The Buyan class (), Russian designations Project 21630 Buyan and Project 21631 Buyan-M, are series of corvettes (small artillery and missile ships in Russian classification) developed by Zelenodolsk Design Bureau for the Russian Navy. Since 2010, all subsequent vessels are being constructed as improved Project 21631 subclass, incorporating greater tonnage, stealth technology and the 3S14 vertical launching system for either Kalibr or Oniks anti-ship cruise missiles, significantly enhancing combat capabilities. The ships are primarily designed for operations within littoral zones to protect Russia's vast coastal areas. Due to the small tonnage, they can operate even within shallow parts of oceans and seas and Russia's extensive inland waterway system. The export variant is known as Project 21632 Tornado.

Design
In August 2010, some information about the newly modified Project 21631, dubbed as Buyan-M, were published. The Project 21631 ships are said to be an up-to-date variant of Project 21630 Buyan small artillery ship, armed with the nuclear-capable Kalibr cruise missiles (SS-N-27 Sizzler) with a claimed range of at least 1,500 km and electronic countermeasure equipment. Ships of Project 21631 are designed to defend the national economic zones of Russia. The ships' small size and displacement enable them to operate within inland river systems, including traversing the Moscow Canal which allows them to deploy to various seas around European Russia. This is a particular advantage for the Buyan-M series, because while the Intermediate-Range Nuclear Forces Treaty (INF) prohibits long-range cruise missiles from operating on land they can operate from ships, so a river-based corvette can deploy missiles without being subject to restrictions. The lead ship of this project, Grad Sviyazhsk, was laid down on 27 August 2010 and commissioned on 27 July 2014.

Operational history
On 7 October 2015, corvettes Grad Sviyazhsk, Uglich, Velikiy Ustyug and  Dagestan, deployed in the Caspian Sea, launched 26 Kalibr cruise missiles at 11 terrorist targets in Syria. The missiles flew nearly  over Iran and Iraq and struck targets in Raqqa and Aleppo provinces (controlled by the Islamic State) as well as in Idlib province (controlled by the al-Qaeda-linked Nusra Front). According to US DoD officials, several of these cruise missiles fired from Russian ships crashed in Iran and did not make it to their intended targets in Syria. An Iranian dissident organizations's TV reported that an "unidentified flying object" crashed and exploded in a village near the Iranian city of Takab.
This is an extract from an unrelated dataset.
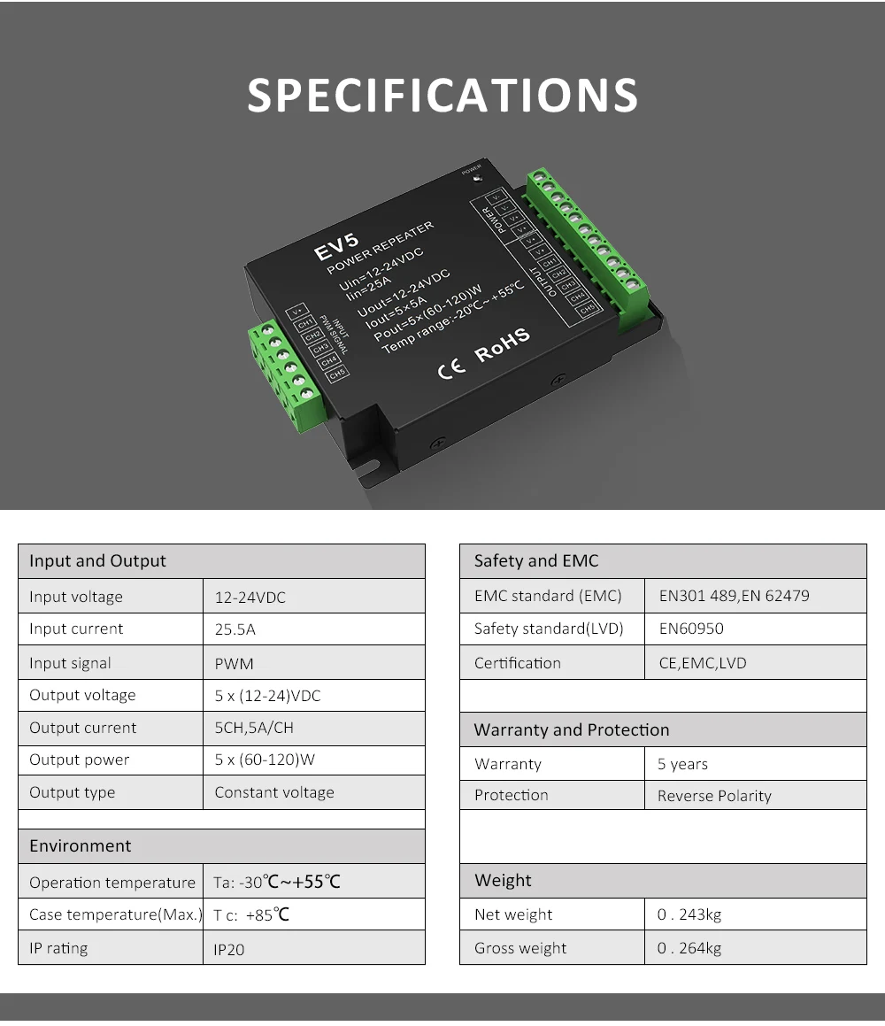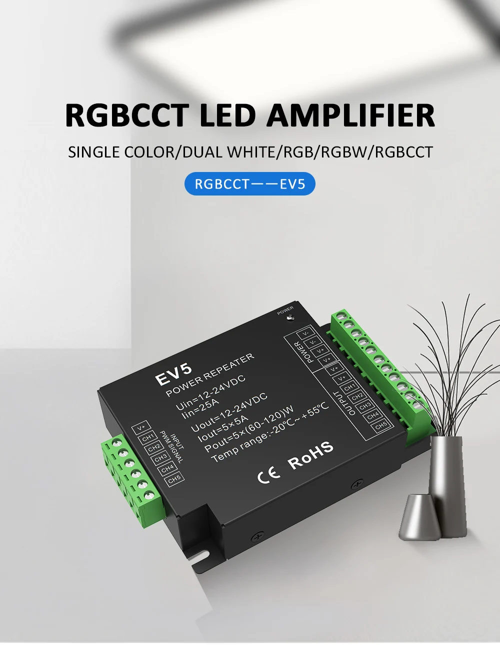 ● 12-24 в ретранслятор постоянного напряжения. ● 5 каналов, 5А на канал. ● Чтобы получить контроль сигнала PWM. ● ретранслятор питания в серии или параллельно, чтобы неограниченно расширить выход. ● Нанесите на RGB + CCT светодиодный модуль или ленту постоянного напряжения.

On 20 November 2015, the same warships launched 18 Kalibr cruise missiles from the Caspian Sea at seven terrorist targets in Rakka, Idlib and Aleppo provinces.

On 13 February 2016, corvette Zelenyy Dol was deployed to the Mediterranean Sea.

On 19 August 2016, corvettes Zelenyy Dol and Serpukhov, deployed in the Mediterranean Sea, launched Kalibr cruise missiles at positions of Al-Nusra terrorist group in Syria. As a result of the strikes, number of terrorist facilities were destroyed, including command post and base near the village of Dar Ta Izzah and weapon production plants and warehouses in Aleppo province.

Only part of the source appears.